-
Notifications
You must be signed in to change notification settings - Fork 1.7k
Description
Summary
I'm observing a performance gap between CUTLASS INT8 NCxHWx interleaved Conv2d Fprop kernel and TensorRT's equivalent kernel on Jetson AGX Orin.

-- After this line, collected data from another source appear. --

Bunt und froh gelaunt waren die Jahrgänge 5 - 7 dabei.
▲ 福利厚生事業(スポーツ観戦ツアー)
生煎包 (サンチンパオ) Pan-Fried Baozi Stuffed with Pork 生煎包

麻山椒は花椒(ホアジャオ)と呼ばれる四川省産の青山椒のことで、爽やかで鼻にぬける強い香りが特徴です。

For a specific convolution configuration, CUTLASS is approximately 12% slower than TensorRT.
Environment
- Hardware: NVIDIA Jetson AGX Orin
- GPU Architecture: SM87 (Ampere)
- CUTLASS Version: 4.2 (tested with latest)

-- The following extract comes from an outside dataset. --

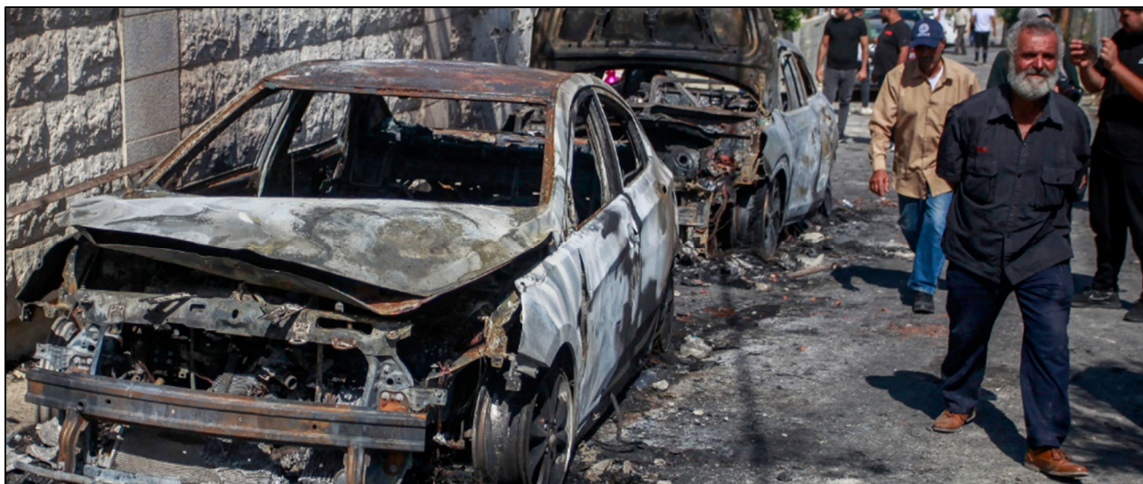
החורבן וההרס בעקבות מתקפת המתנחלים בג'ת

- TensorRT Version: 8.6 (bundled with JetPack)
Problem Description
I benchmarked the INT8 Conv2d Fprop kernel with NCxHWx<32> interleaved layout using both CUTLASS templates and TensorRT, and found a noticeable performance difference.
Convolution Parameters
| Parameter | Value |
|---|---|
| N (batch) | 10 |
| C (input channels) | 128 |
| H (input height) | 72 |
| W (input width) | 120 |
| K (output channels) | 128 |
| R (filter height) | 3 |
| S (filter width) | 3 |
| pad_h, pad_w | 1, 1 |
| stride_h, stride_w | 1, 1 |
| dilation_h, dilation_w | 1, 1 |
Performance Comparison
| Implementation | Epilogue Type | Time (μs) |
|---|---|---|
| CUTLASS NCxHWx<32> | Pertensor AlphaScaling | ~420 |
| CUTLASS NCxHWx<32> | Perchannel AlphaScaling | ~450 |
| CUTLASS NHWC | Pertensor AlphaScaling | ~438 |
| CUTLASS NHWC | Perchannel AlphaScaling | ~470 |
| TensorRT | Perchannel AlphaScaling | ~400 |
TensorRT Kernel Name (from nsys profiling)
sm80_xmma_fprop_implicit_gemm_interleaved_i8i8_i8i32_f32_nchw_vect_c_32kcrs_vect_c_32_nchw_vect_c_32_tilesize128x128x64_stage4_warpsize2x2x1_g1_tensor16x8x32_t1r3s3_execute_kernel_trt
From the kernel name, TensorRT appears to use:
- Tile size: 128x128x64
- 4 pipeline stages
- Warp configuration: 2x2x1
- Tensor instruction: 16x8x32
- Specialized for 3x3 filter (
t1r3s3)
CUTLASS Kernel Configuration
I am using the following CUTLASS template configuration:
using Conv2dKernel = typename cutlass::conv::kernel::DefaultConv2dFprop<
int8_t, cutlass::layout::TensorNCxHWx<32>, // Input: NCxHWx<32>
int8_t, cutlass::layout::TensorCxRSKx<32>, // Filter: CxRSKx<32>
int8_t, cutlass::layout::TensorNCxHWx<32>, // Output: NCxHWx<32>
int32_t, // Accumulator
cutlass::arch::OpClassTensorOp,
cutlass::arch::Sm80,
cutlass::gemm::GemmShape<128, 128, 64>, // ThreadBlock shape
cutlass::gemm::GemmShape<64, 64, 64>, // Warp shape
cutlass::gemm::GemmShape<16, 8, 32>, // Instruction shape
cutlass::epilogue::thread::LinearCombinationClamp<
int8_t,
64 / cutlass::sizeof_bits<int8_t>::value, // 8 elements per access
int32_t,
float,
cutlass::epilogue::thread::ScaleType::OnlyAlphaScaling
>,
cutlass::gemm::threadblock::GemmIdentityThreadblockSwizzle<1>,
4, // Stages
cutlass::arch::OpMultiplyAddSaturate,
cutlass::conv::IteratorAlgorithm::kOptimized,
cutlass::conv::StrideSupport::kStrided,
16, 16 // Alignment
>::Kernel;Questions
How to modify and optimize cutlass int8 fprop2d kernel to meet with tensorrt's performance
Additional Information
I can provide additional nsys profiling reports if needed.
Thank you for your guidance on how to achieve TensorRT-level performance with CUTLASS templates!